[PROBLEM TO SOLVE]:
Copy each line below exactly and leave the pictures out.

[Data excerpts]:
----

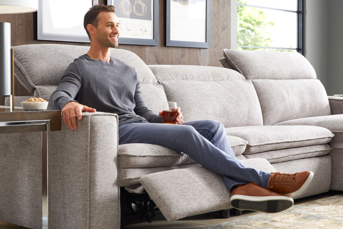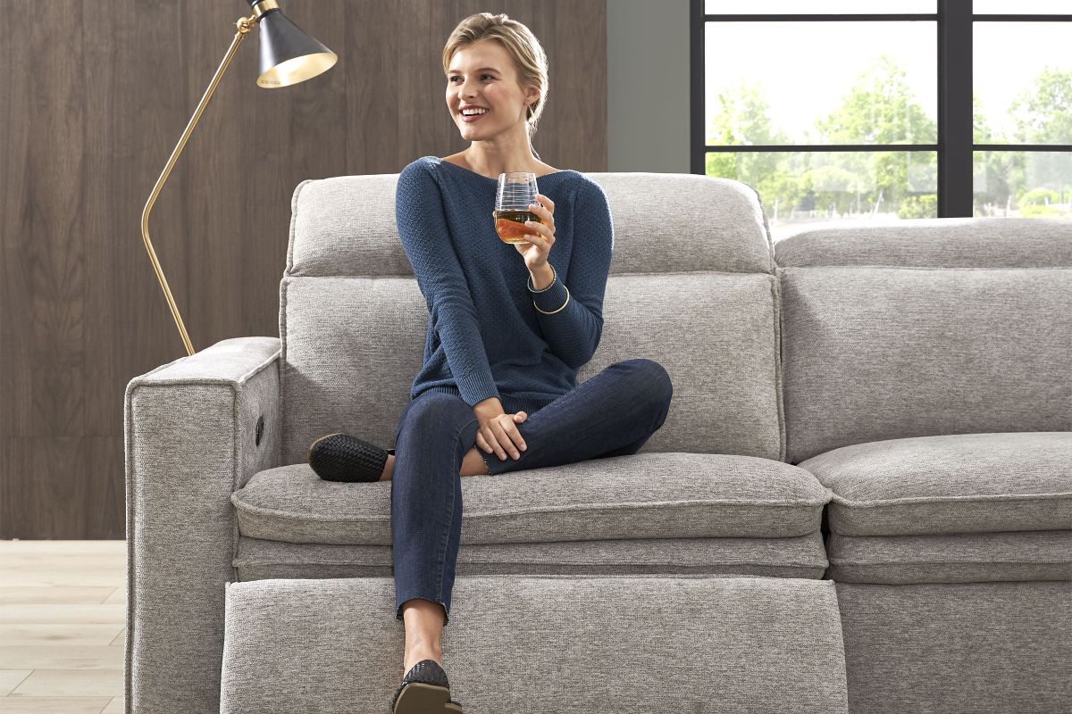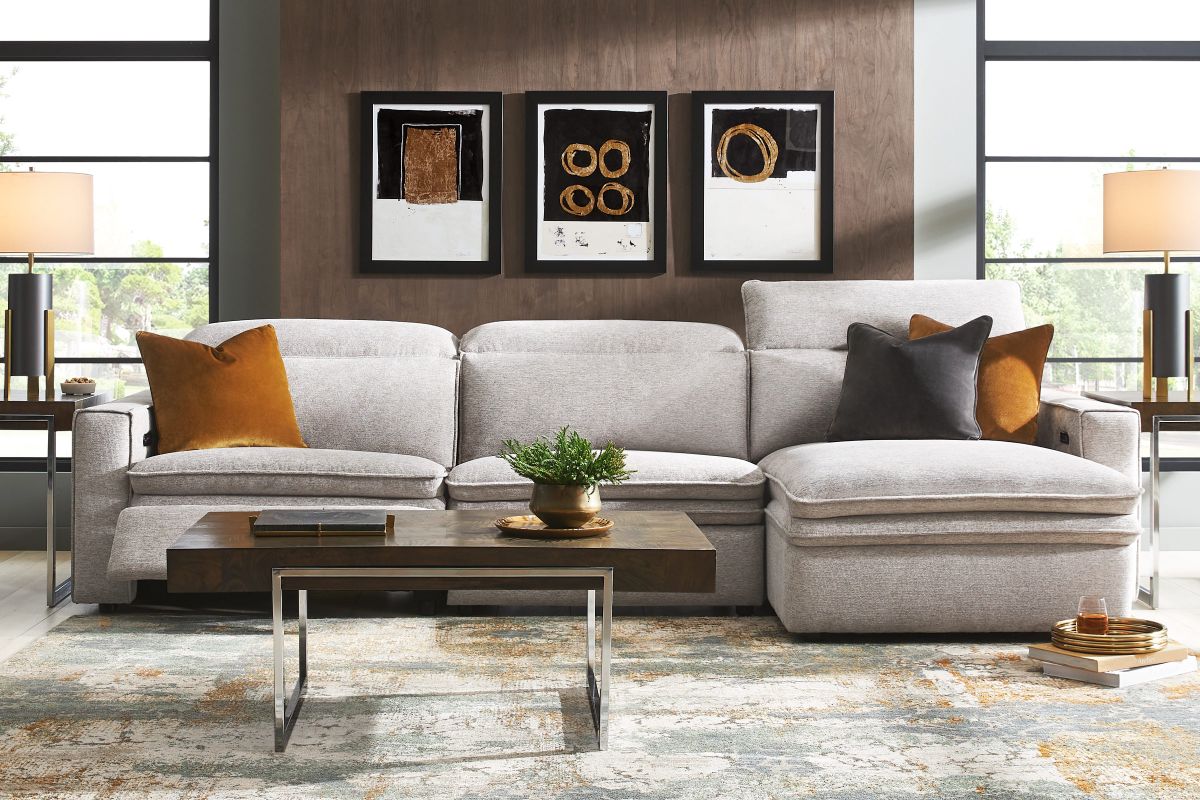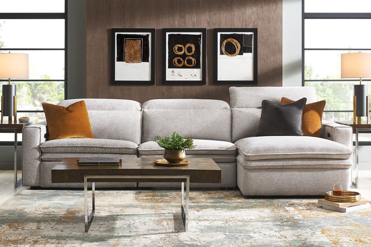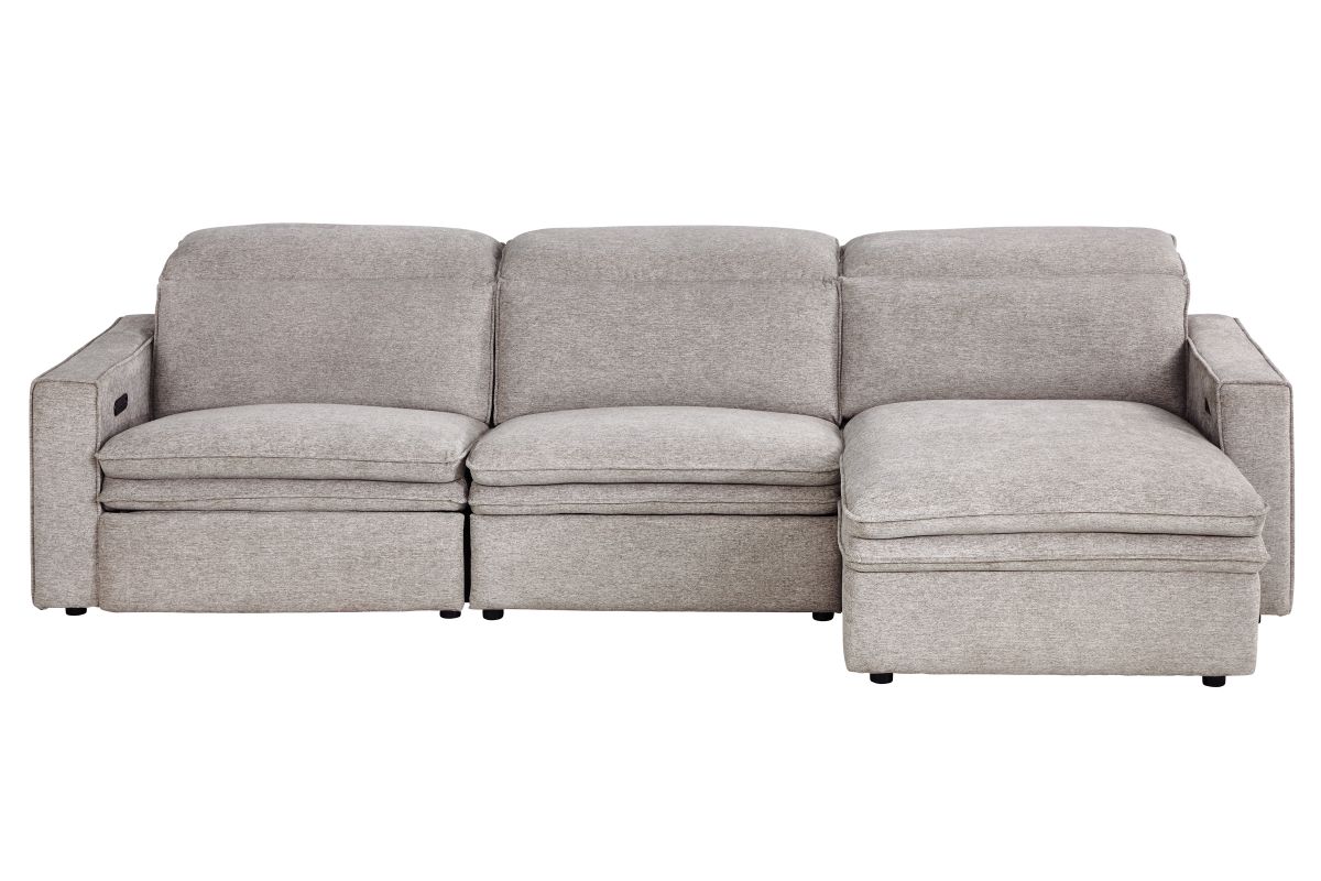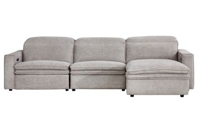 Sleek, chic, and altogether unique, the Salvator Street sectional's spacious seating and seamless functionality is the perfect blend of modern comfort and urban sophistication. Upholstered in a woven fabric, this sectional features stylish track arms, dark cylindrical legs and attached double pillow pad seat cushions for a luxurious feel. The dual power reclining feature allows adjustment in the head and footrest for personalized support while the chaise allows adjustment in the headrest for the ultimate lounging experience.
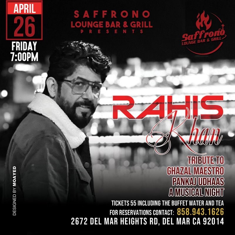 The Late Great Pankaj Udhas's Music Transcended Generations Through his soulful / heartfelt compositions. Join Rahis Khan for a night to appreciate the timeless ghazals and film songs he leaves us with! Save the date, Bring your family and friends
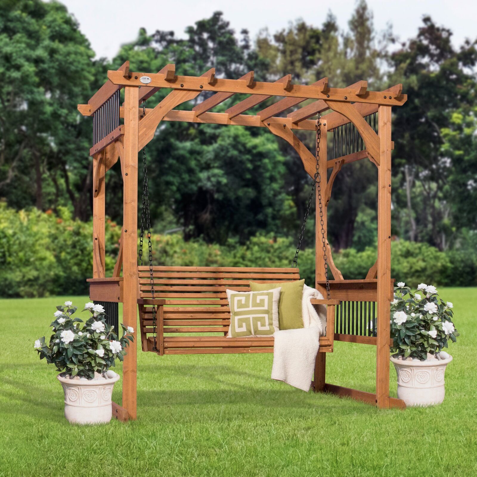 Пергола деревянная с качелями
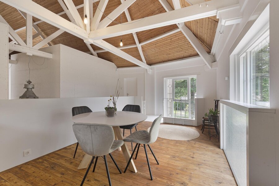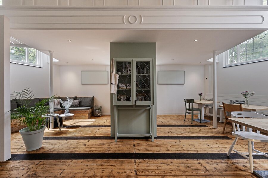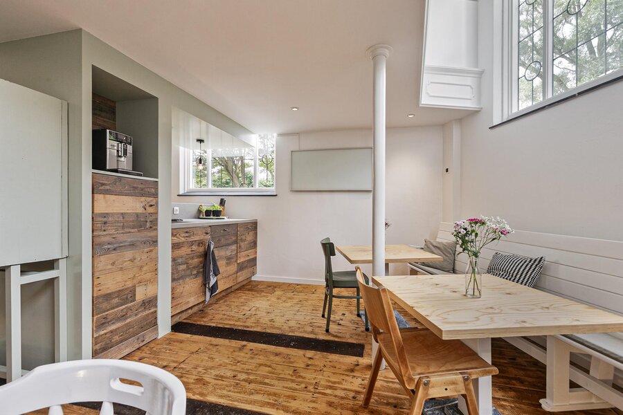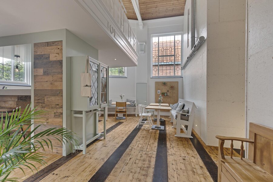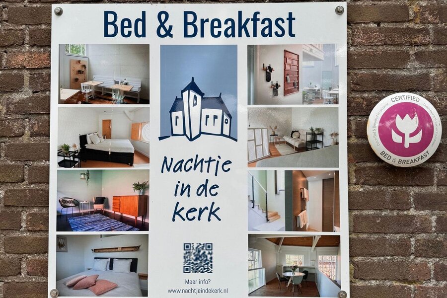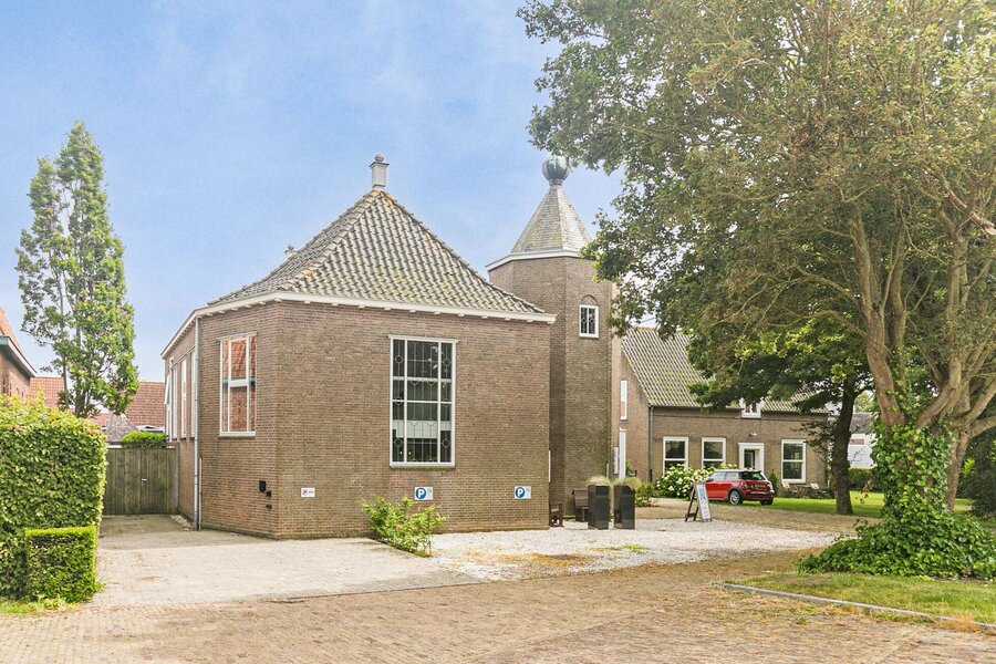 In de voormalige kerk van Vrouwenpolder op een fantastische locatie gelegen aan de weg naar strand: Ruime woning in combinatie met 4 bijzonder mooie gastenverblijven (B&B).
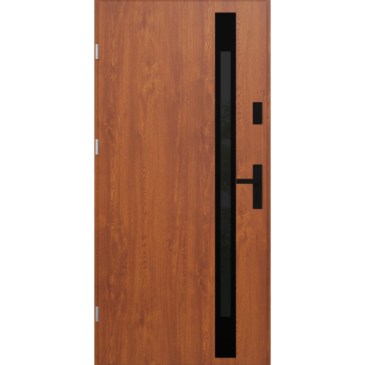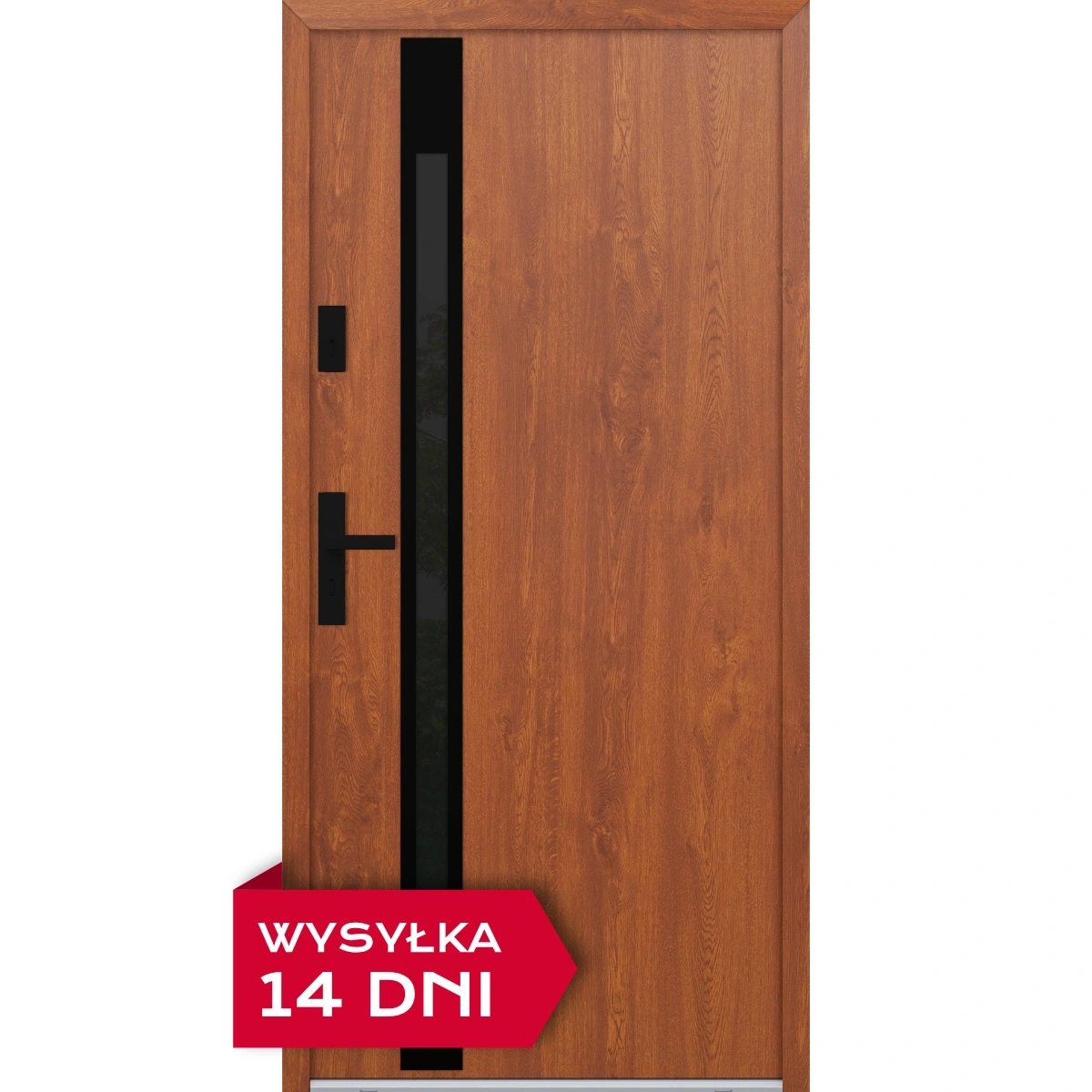 Drzwi zewnętrzne do domu stalowo aluminiowe 68 mm z szybą i czarnymi okuciami ATU68 złoty dąb Program Czyste Powietrze M534
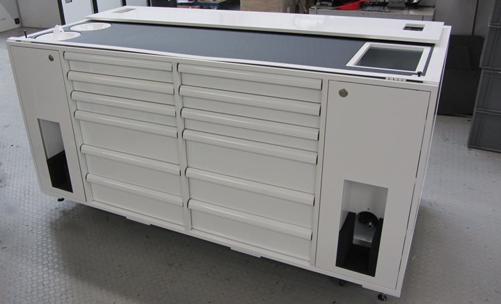 These highly desirable Garage Tool Cabinets present a bold statement of function and quality. Quentor has successfully supplied variations of these Garage Tool Cabinets to many elite motorsport Teams around the globe for over 30 years.
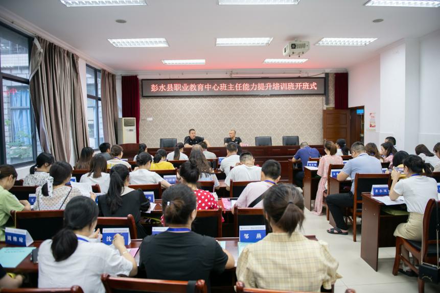 7月13日上午,重庆市2020年度精准扶贫项目彭水县职业教育中心班主任能力提升国家级培训班在南校区1-101室举行,彭水县职教中心副校长吴永强,以及来自彭水县职教中心的50名老师参加开班式。
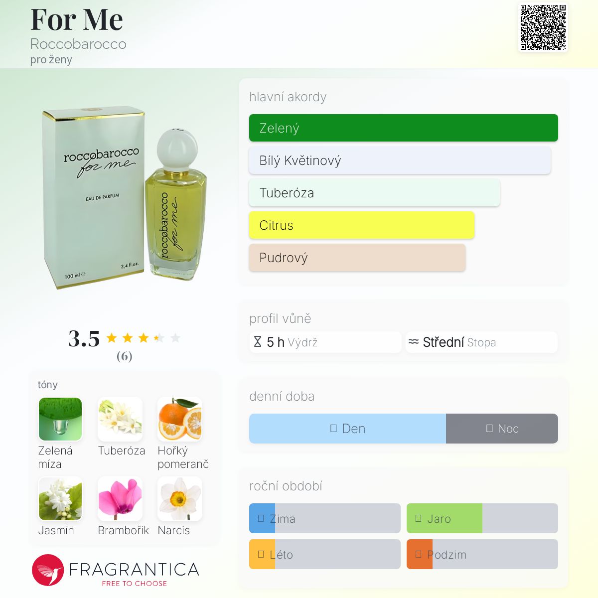 For Me podle Roccobarocco je vůně pro ženy. Vrchní tóny jsou Zelená míza a Hořký pomeranč; střední tóny jsouTuberóza, Jasmín, Brambořík, Narcis a Kosatec ; základní tóny jsou Santalové dřevo, Pižmo a Bílý jantar (ambra).
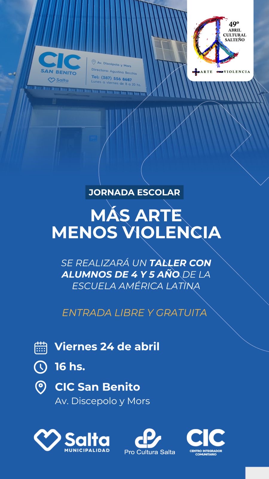 Literatura & Conferencias Jornada Escolar “Más Arte, Menos Violencia” Taller con los alumnos de 4to y 5to año. Escuela América Latina. VER EVENTO
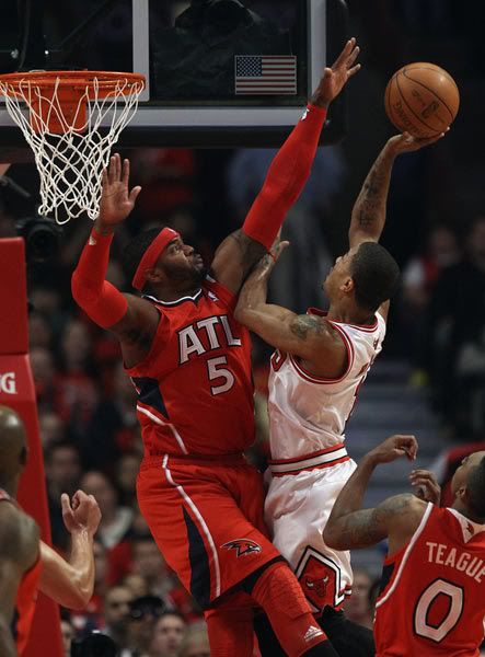 约翰逊和克劳福德接连命中三分,老鹰8-0攻击波瞬间将分差扩大为9分,公牛再次陷入被动。罗斯连得4分稳住阵脚,帕楚利亚上篮连得4分,约翰逊射中三分,客队牢牢占据主动。邓和诺阿先后投篮命中,罗斯暴扣得手,公牛打出6-0小高潮,约翰逊和克劳福德携手砍下8分,公牛大势已去难扭转败局。罗斯射中三分但为时已晚,克劳福德及时远投回敬,霍福德怒扣得手,虽然科沃尔最后17秒三分命中,但无助公牛逆转。克劳福德两罚全中,罗斯跳投得手,公牛最终95-103不敌老鹰,半决赛0-1落后。
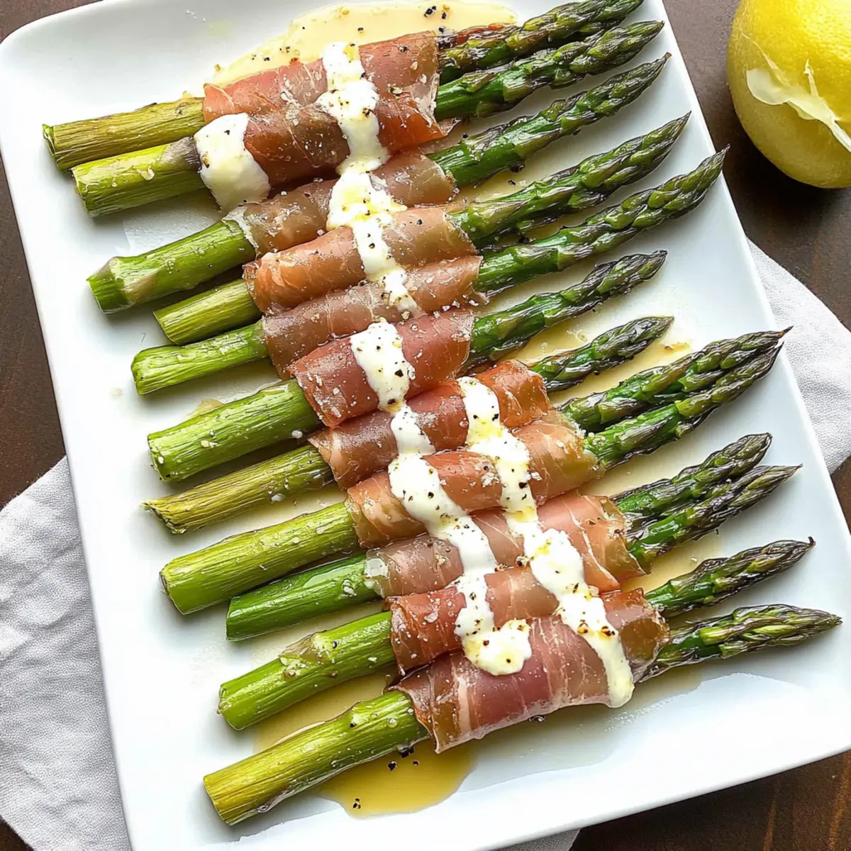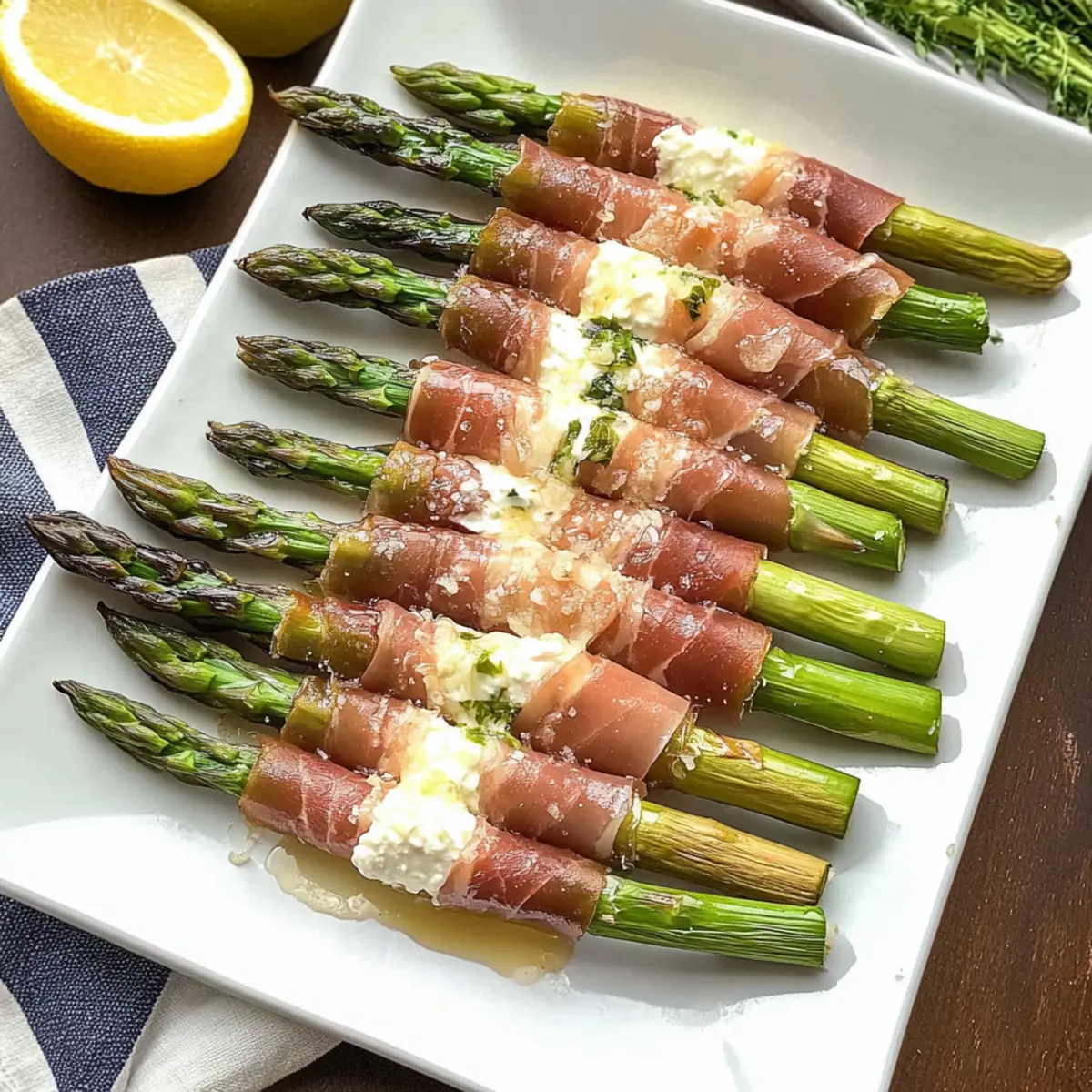 • Experiment with Garnishes: Get creative: Besides Parmesan and balsamic glaze, consider adding herbs for a unique flavor twist to your Prosciutto Wrapped Asparagus.

----

[ANSWER SECTION]:
 Sleek, chic, and altogether unique, the Salvator Street sectional's spacious seating and seamless functionality is the perfect blend of modern comfort and urban sophistication. Upholstered in a woven fabric, this sectional features stylish track arms, dark cylindrical legs and attached double pillow pad seat cushions for a luxurious feel. The dual power reclining feature allows adjustment in the head and footrest for personalized support while the chaise allows adjustment in the headrest for the ultimate lounging experience.
 The Late Great Pankaj Udhas's Music Transcended Generations Through his soulful / heartfelt compositions. Join Rahis Khan for a night to appreciate the timeless ghazals and film songs he leaves us with! Save the date, Bring your family and friends
 Пергола деревянная с качелями
 In de voormalige kerk van Vrouwenpolder op een fantastische locatie gelegen aan de weg naar strand: Ruime woning in combinatie met 4 bijzonder mooie gastenverblijven (B&B).
 Drzwi zewnętrzne do domu stalowo aluminiowe 68 mm z szybą i czarnymi okuciami ATU68 złoty dąb Program Czyste Powietrze M534
 These highly desirable Garage Tool Cabinets present a bold statement of function and quality. Quentor has successfully supplied variations of these Garage Tool Cabinets to many elite motorsport Teams around the globe for over 30 years.
 7月13日上午,重庆市2020年度精准扶贫项目彭水县职业教育中心班主任能力提升国家级培训班在南校区1-101室举行,彭水县职教中心副校长吴永强,以及来自彭水县职教中心的50名老师参加开班式。
 For Me podle Roccobarocco je vůně pro ženy. Vrchní tóny jsou Zelená míza a Hořký pomeranč; střední tóny jsouTuberóza, Jasmín, Brambořík, Narcis a Kosatec ; základní tóny jsou Santalové dřevo, Pižmo a Bílý jantar (ambra).
 Literatura & Conferencias Jornada Escolar “Más Arte, Menos Violencia” Taller con los alumnos de 4to y 5to año. Escuela América Latina. VER EVENTO
 约翰逊和克劳福德接连命中三分,老鹰8-0攻击波瞬间将分差扩大为9分,公牛再次陷入被动。罗斯连得4分稳住阵脚,帕楚利亚上篮连得4分,约翰逊射中三分,客队牢牢占据主动。邓和诺阿先后投篮命中,罗斯暴扣得手,公牛打出6-0小高潮,约翰逊和克劳福德携手砍下8分,公牛大势已去难扭转败局。罗斯射中三分但为时已晚,克劳福德及时远投回敬,霍福德怒扣得手,虽然科沃尔最后17秒三分命中,但无助公牛逆转。克劳福德两罚全中,罗斯跳投得手,公牛最终95-103不敌老鹰,半决赛0-1落后。
 • Experiment with Garnishes: Get creative: Besides Parmesan and balsamic glaze, consider adding herbs for a unique flavor twist to your Prosciutto Wrapped Asparagus.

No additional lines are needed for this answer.